Assigned task -> Output the whole listing below exactly, omitting the images.

Dataset section Start Marker

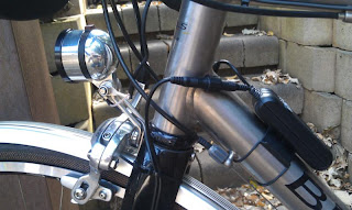 The next stage of the electrical system was the rear light also powered from the dynamo. This proved a relatively simple process as the cabling runs as a spur from the front light, taking advantage of the built in voltage overload protection circuit of the front light. I had originally intended to run the cabling along the down tube, but couldn’t achieve a tidy result clear of gear cables, so I opted instead to go along the top tube. It took quite a few wraps around the seat stay and back up the mudguard stay to lose the excess cable length so I could use the pre-wired spade connectors rather than having to strip and wire my own. The end result looks about as neat as I reckon is possible given that some cable ties are inevitable with nothing else to attach the wiring too.
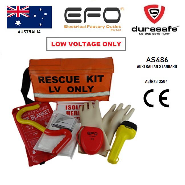 The LV Switchboard Rescue Kit is designed to be used by a safety observer for the safe rescue of victims of electrical shock and other injuries when working on Low Voltage switchboards and substations. The kit is designed to comply with Australian Standard AS4836 requirements Safe Working On Low Voltage Electrical Installations. Compared to other LV Rescue Kits available,  the EFO Rescue kits offer the highest specification on the Market. Features include a double insulated Fiberglass Rescue Crook, Glow in the dark Strip on the bag. We also we include a CPR mask and thermal shock blanket as standard.
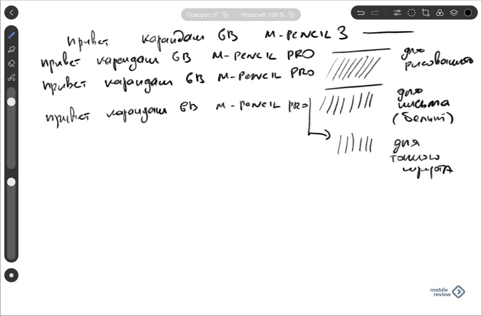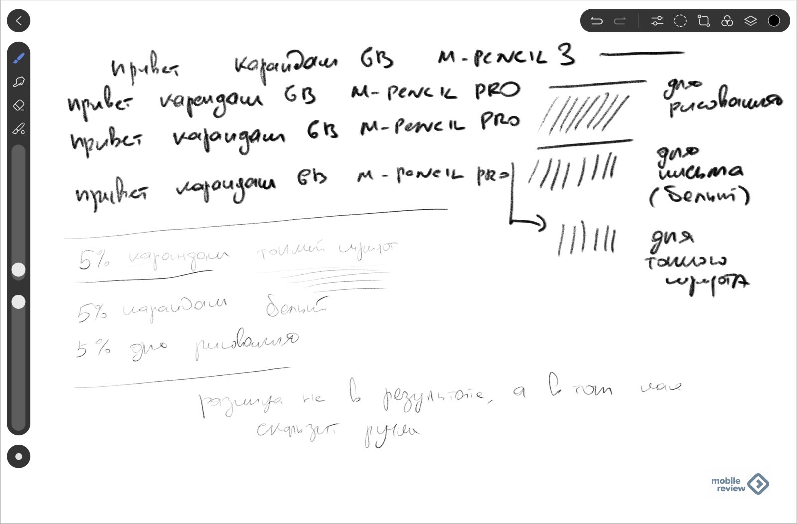 На скриншоте вы не увидите никаких различий между наконечниками, мой почерк остается одинаковым, толщина линий определяется софтом и более-менее одинакова. Так в чем же различие? Оно кроется в том, насколько меняется сцепление ручки с экраном, у вас разные впечатления при одинаковом весе и размере стилуса. Для рисования это некий карандаш, в то время как когда вы пишете, чувствуется, что у вас ручка и перо. Именно в такой игре с вашим сознанием и заключается смысл смены наконечников, штука очень хорошая и полезная.

Dataset section End Marker

Response below ->
 The next stage of the electrical system was the rear light also powered from the dynamo. This proved a relatively simple process as the cabling runs as a spur from the front light, taking advantage of the built in voltage overload protection circuit of the front light. I had originally intended to run the cabling along the down tube, but couldn’t achieve a tidy result clear of gear cables, so I opted instead to go along the top tube. It took quite a few wraps around the seat stay and back up the mudguard stay to lose the excess cable length so I could use the pre-wired spade connectors rather than having to strip and wire my own. The end result looks about as neat as I reckon is possible given that some cable ties are inevitable with nothing else to attach the wiring too.
 The LV Switchboard Rescue Kit is designed to be used by a safety observer for the safe rescue of victims of electrical shock and other injuries when working on Low Voltage switchboards and substations. The kit is designed to comply with Australian Standard AS4836 requirements Safe Working On Low Voltage Electrical Installations. Compared to other LV Rescue Kits available,  the EFO Rescue kits offer the highest specification on the Market. Features include a double insulated Fiberglass Rescue Crook, Glow in the dark Strip on the bag. We also we include a CPR mask and thermal shock blanket as standard.
 На скриншоте вы не увидите никаких различий между наконечниками, мой почерк остается одинаковым, толщина линий определяется софтом и более-менее одинакова. Так в чем же различие? Оно кроется в том, насколько меняется сцепление ручки с экраном, у вас разные впечатления при одинаковом весе и размере стилуса. Для рисования это некий карандаш, в то время как когда вы пишете, чувствуется, что у вас ручка и перо. Именно в такой игре с вашим сознанием и заключается смысл смены наконечников, штука очень хорошая и полезная.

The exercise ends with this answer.